EXERCISE REQUIREMENTS - Search the data for the word "with" and copy each line that has it.

-------- SUPPLIED DATA --------

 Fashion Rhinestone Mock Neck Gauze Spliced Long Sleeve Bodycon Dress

--------
-------- SUPPLIED DATA --------

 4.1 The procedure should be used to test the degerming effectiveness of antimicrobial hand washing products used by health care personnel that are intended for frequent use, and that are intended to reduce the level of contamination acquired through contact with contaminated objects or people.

--------
-------- SUPPLIED DATA --------

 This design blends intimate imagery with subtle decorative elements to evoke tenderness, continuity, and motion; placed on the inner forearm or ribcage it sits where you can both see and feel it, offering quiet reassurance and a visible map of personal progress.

--------

ANSWER BOX -
 4.1 The procedure should be used to test the degerming effectiveness of antimicrobial hand washing products used by health care personnel that are intended for frequent use, and that are intended to reduce the level of contamination acquired through contact with contaminated objects or people.
 This design blends intimate imagery with subtle decorative elements to evoke tenderness, continuity, and motion; placed on the inner forearm or ribcage it sits where you can both see and feel it, offering quiet reassurance and a visible map of personal progress.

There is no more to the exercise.